The invention relates to the field of plate cutting, in particular to the field of plate correction, and specifically relates to a method for realizing edge finding correction processing based on a capacitive sensor.

Background

In the prior art, the conventional edge-finding correction method has the following processing procedures:

step 1: starting a capacitor jump enabling switch, starting follow-up from the current point, and waiting for a follow-up in-place signal;

step 2: moving to the X-until a capacitance jump signal is received, stopping moving, closing the follow-up, and recording an edge point C;

and step 3: moving toward X + for a distance X of width multiplied by 20%, starting follow-up, and waiting for the follow-up to be in place;

and 4, step 4: moving to Y-until the capacitor jump signal is received and stopping moving, closing the follow-up, and recording an edge point A;

and 5: moving to X + and Y + to (C point X coordinate + X width X80%, C point Y coordinate), starting follow-up, and waiting for follow-up to be in place;

step 6: moving to the Y-direction until the capacitor jump signal is received, stopping moving, closing the follow-up, and recording an edge point B;

and 7: and calculating the deflection angle and the original point position of the plate through the ABC points.

The method has the following defects:

1. in the prior art, when the capacitance jump signal in steps 2, 4, and 6 is adopted, the implementation manner of recording the edge point results in that the position of the edge point is not recorded timely enough, the edge error is large, and the edge finding result is inaccurate.

2. In the prior art, a 3-point edge searching mode is adopted, so that a large edge error is easily caused on the edge searching result of a plate which is not smooth.

Disclosure of Invention

The invention aims to overcome the defects of the prior art and provides a method for realizing edge finding correction processing based on a capacitive sensor, which has the advantages of high edge finding precision, high positioning precision and high plate utilization rate.

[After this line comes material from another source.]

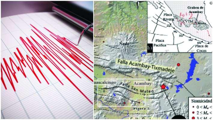 Entanto,elCentroNacionaldePrevencióndeDesastres (Cenapred)indicaqueunadelasfallasmáslargasesla deAcambay,lacualmideaproximadamenteunos38 kilómetrosdelongitudytieneungranescalón(escarpe)demásde400metrosdealturayfuelacausantedel últimosismodestructivoenestaregión.
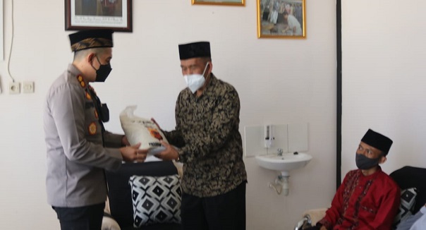 Silaturahmi di Ponpes Arrahmat, Kapolres Majalengka Polda Jabar Berikan Bansos Polri Peduli Covid19 Ditengah PPKM Darurat Level 4

In order to achieve the above object, the method for implementing edge-finding correction processing based on a capacitive sensor of the present invention comprises:

the method for realizing the edge-finding correction processing based on the capacitive sensor is mainly characterized by comprising the following steps of:

(1) starting a capacitor jump enabling switch, starting follow-up from the current point, and waiting for a follow-up in-place signal;

(2) setting a latch switch, moving in the X-direction until the capacitor jump signal is taken to stop moving, closing the latch switch to follow up, reading a latch encoder value, and recording an edge point C1;

(3) setting a latch switch, backing 20mm in the X + direction, backing 10mm in the Y-direction, moving in the X-direction until a capacitance jump signal is taken to stop moving, closing the latch switch to follow, reading a latch encoder value, and recording a boundary point C2;

(4) moving to the X + direction by 20% of the length of the plate, starting follow-up, and waiting for the follow-up to be in place;

(5) setting a latch switch, moving in the Y-direction until the capacitor jump signal is taken to stop moving, closing the latch switch to follow up, reading a latch encoder value, and recording an edge point A1;

(6) setting a latch switch, backing 20mm in the Y + direction, backing 10mm in the X-direction, moving in the Y-direction until a capacitance jump signal is taken to stop moving, closing the latch switch to follow, reading a latch encoder value, and recording an edge point A2;

(7) moving to the direction of X + and Y +, starting follow-up, and waiting for the follow-up to be in place;

(8) setting a latch switch, moving in the Y-direction until the capacitor jump signal is taken to stop moving, closing the latch switch to follow, reading the latch position, and recording the edge point as B1;

(9) setting a latch switch, backing 20mm in the Y + direction, backing 10mm in the X-direction, moving in the Y-direction until a capacitance jump signal is taken to stop moving, closing the latch switch to follow, reading a latch position, and recording a boundary point B2;

(10) and calculating the deflection angle and the original point position of the plate according to the calculated six points A1, A2, B1, B2, C1 and C2.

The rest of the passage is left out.